The Darkest Minds (The Darkest Minds #1)(36)



I wished I didn’t know what Martin’s story was.

Chubs slapped the side of the minivan. “Don’t tell me you believe that, Lee. We knew everyone by the time we broke out.”

Broke out. They actually escaped? Shock left me speechless for several moments until I asked, finally, “Really? All three thousand of them?”

The boys took a step back at the same time.

“You had three thousand kids at your camp?” Liam asked.

“Why?” I looked between them, unnerved. “How many were in your camp?

“Three hundred at most,” Liam said. “Are you sure? Three thousand?”

“Well, it’s not like they gave us an official number. There were thirty kids per cabin and about a hundred of those. There used to be more, but they sent the Reds, Oranges, and Yellows away.”

Apparently, I had blown his mind. Liam let out a strangled noise at the back of his throat. “Holy crap,” he finally managed to squeeze out. “What camp was it?”

“It’s none of your business,” I said. “I’m not asking you where you were.”

“We were in Caledonia, Ohio,” Chubs said, ignoring a sharp look from Liam. “They stuck us in an abandoned elementary school. We broke out. Your turn.”

“Why, so you can report me to the nearest PSF station?”

“Yeah, because, clearly, we’d be able to stroll up and lodge a sighting report.”

After a moment, I blew out a harsh breath. “Fine. I was in Thurmond.”

The silence that followed seemed to stretch on longer than the road beneath us.

“Are you serious?” Liam asked, finally. “Crazy Thurmond, with the FrankenKiddies?”

“They’ve stopped testing,” I said, feeling strangely defensive.

“No, I just—I just…” Liam raced through the words. “I thought it was all filled up, you know? That’s why they bused us to Ohio.”

“How old were you when you went into camp?” Chubs’s voice was measured, but I saw his face fall all the same. “You were young, right?”

The answer popped out before I could stop myself. “The day after my tenth birthday.”

Liam blew out a low whistle, and I wondered exactly how much of Thurmond’s reputation had leaked out in the time I had been there. Who were the ones talking about it—the former PSFs assigned there?

And, if people knew, why hadn’t anyone come to help us?

“How long were you guys in Caledonia?”

“Suzume was there for about two years. I was there for a year and a half, and Lee was there for a year or so.”

“That’s…” A small, ugly voice inside my head whispered, That’s it? even as the better part of me knew full well that it didn’t matter if they had been there for one year or one day—a minute in one of those camps was enough to smash you into pieces.

“And you’re what, sixteen? Seventeen?”

“I don’t know,” I said, and the thought nearly knocked me back against the van. I really wasn’t sure—Sam had claimed it was six years, but she could have been wrong. We didn’t keep track of time at Thurmond in the usual way; I recognized seasons passing, but somewhere along the line I had stopped trying to mark it. I grew bigger, I knew every winter that I must be another year older, but none of it…it just hadn’t seemed to matter until now. “What year is it?”

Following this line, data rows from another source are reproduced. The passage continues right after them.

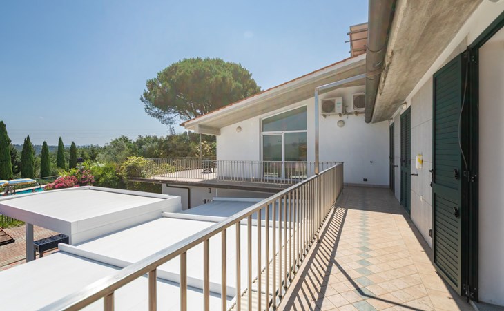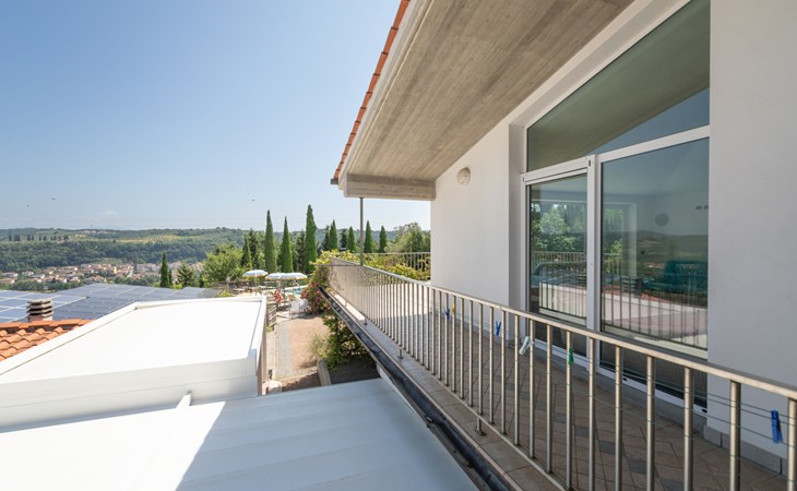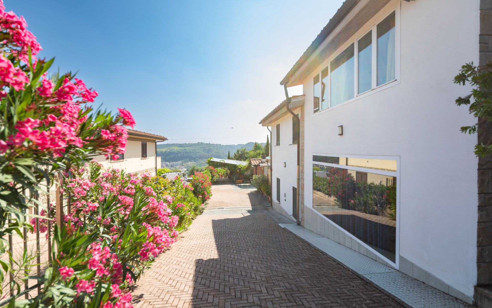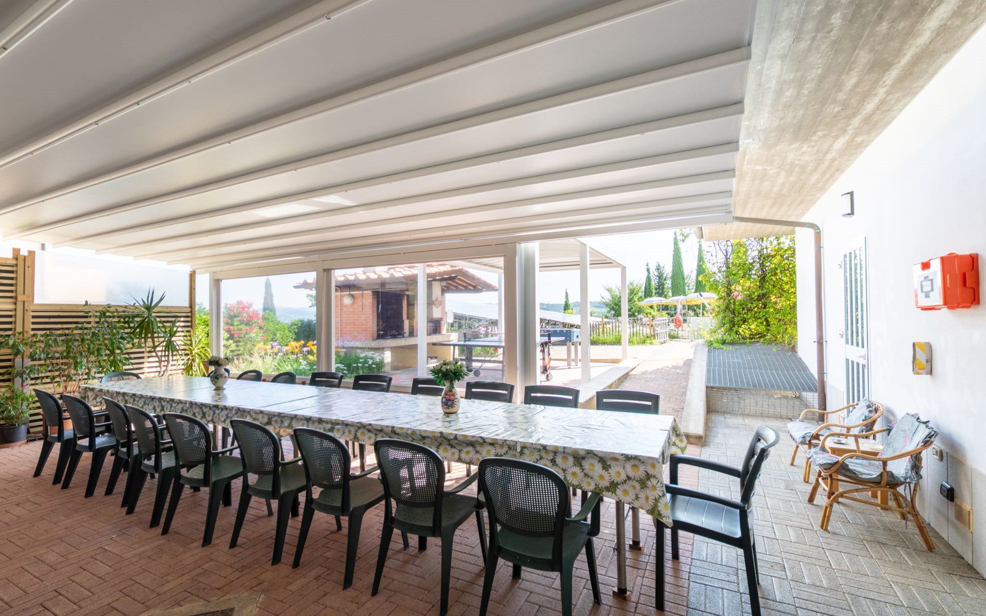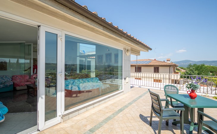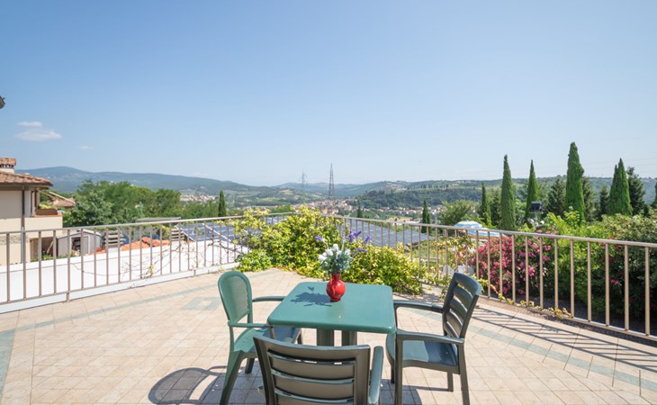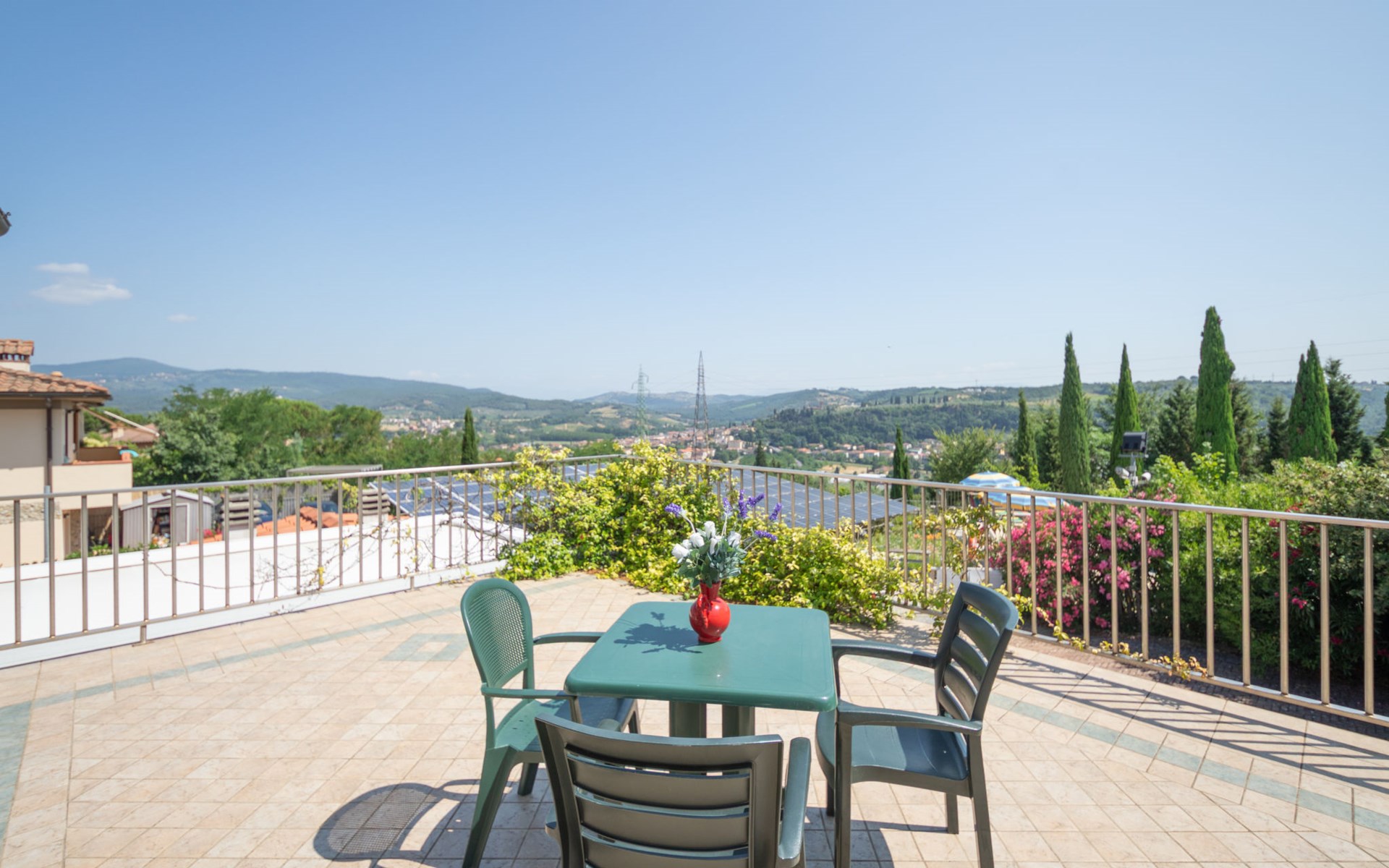 Villa "La Rosa", 250 m a.s.l., semi-detached, built in 2005, surrounded by trees, meadows and vineyards. 2 km from the centre of Montelupo Fiorentino, 22 km from the centre of Firenze, 60 km from the centre of Pisa, in a sunny position on a slope, 70 km from the sea. Private: terraced garden, 2'000 m2 (fenced), swimming pool (12 x 6 m, depth 150 cm, seasonal availability: 03.May. - 20.Sep. pool opening hours: 10:00-19:00). Outdoor shower, table tennis, basketball, garden furniture, barbecue, pool maintenance by the owner/gardener. In the house: central heating system, heating available only from 01.Nov. - 15.Apr.. Parking on the premises. E-charging station. Shop 1 km, grocery 1 km, supermarket 1.8 km, bus stop 1 km, railway station "Montelupo Fiorentino" 2 km, thermal baths "Gambassi Terme" 30 km. Golf course (10 hole) 4 km. Nearby attractions: San Miniato 18 km, San Casciano in Val di Pesa 20 km, Certaldo 26 km, San Gimignano 38 km. The house can be booked, even for a group of 13 people (our ref. IT5492.901.1) and for a group of 09 people (our ref . IT5492.902.1). 1 pool towel for adults provided free of charge. Electric car battery charger 20 kw type 2.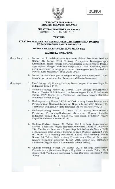 Peraturan Walikota Makassar Nomor 70 Tahun 2015 Tentang Strategi Percepatan Penanggulangan Kemiskinan Daerah Kota Makassar Tahun 2015-2019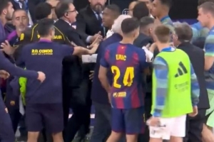体育资讯10月27日讯 据西媒eldesmarque报道,国家德比比赛临近结束时,巴萨中场佩德里吃到第二张黄牌被罚下场,这一事件成为了“导火索”,直接引发了双方替补席人员的“大规模混战”。场面一度失控,以至于安保不得不迅速介入,强行将两队替补席分隔开。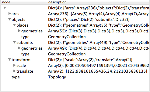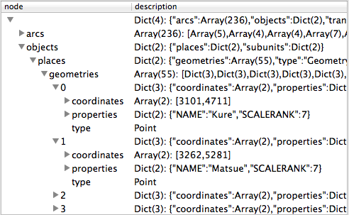 TopoJSON : GeoJSON の改良型。容量が 1/5 くらいになる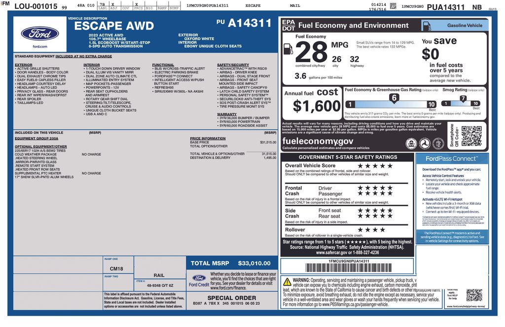 2023 Ford Escape Active AWD 8-Speed Automatic 1.5L EcoBoost Oxford White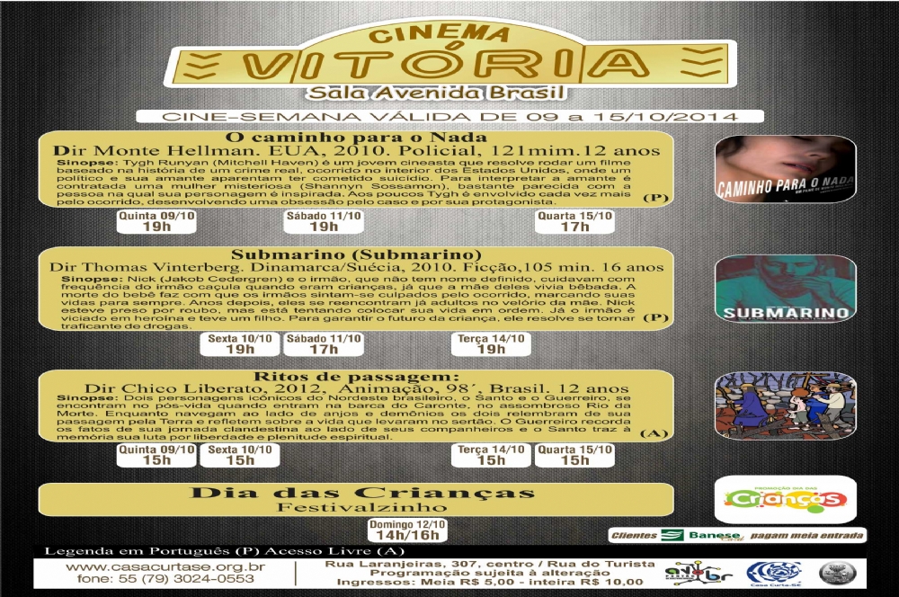 Em comemoração ao dia das crianças, o Cinema Vitória traz no dia 12 de outubro a Mostra Festivalzinho com curtas infantis apresentados durante o Festival Iberoamericano de Cinema de Sergipe, o Curta-SE.

Chubs snorted, rolling his eyes heavenward. He opened his mouth to say something, but stopped once he got a good look at my face. I’m not sure what kind of expression I was wearing, but it erased his exasperation in two seconds flat. His narrowed eyes widened into something that looked very much like pity.

And Liam…his expression seemed to dissolve entirely.

I felt the hair on my neck begin to prickle, my fingers twist the fabric of my uniform shorts. The absolute last thing—the last thing—I wanted was to be pitied by a bunch of strangers. Regret washed down through me, flooding out even my anxiety and fear. I shouldn’t have said anything at all; I should have lied or dodged the question. Whatever they thought Thurmond was like, whatever they believed I’d gone through, it was bad enough to mark me as pathetic in their eyes. I could see it in their faces, and the irony stung more than I expected it to. They’d taken in a monster, thinking it was a mouse.

“Sixteen, then,” I said, once Liam had confirmed the year. Sam had been right after all.

Something else was bothering me. “They’re still creating new camps and sending kids to them?”

“Not so much anymore,” Liam said. “The younger set—Zu’s age—they were hit the hardest. People got scared, and the birthrate dropped off even before the government tried banning new births. Most of the kids that are still being sent to camps are like us. They escaped detection during collections or tried to run.”

I nodded, mulling this over.

“At Thurmond,” Chubs began, “did they really—”

“I think that’s enough,” Liam interrupted. He reached past Chubs’s outstretched arm and opened the sliding door for me again. “She answered your questions, we answered hers, and now we’ve gotta hit the road while the going is still good.”

Zu climbed in first, and, without looking at either boy, I followed, heading to the rear seat, where I could stretch out and hide from any more unwanted questions.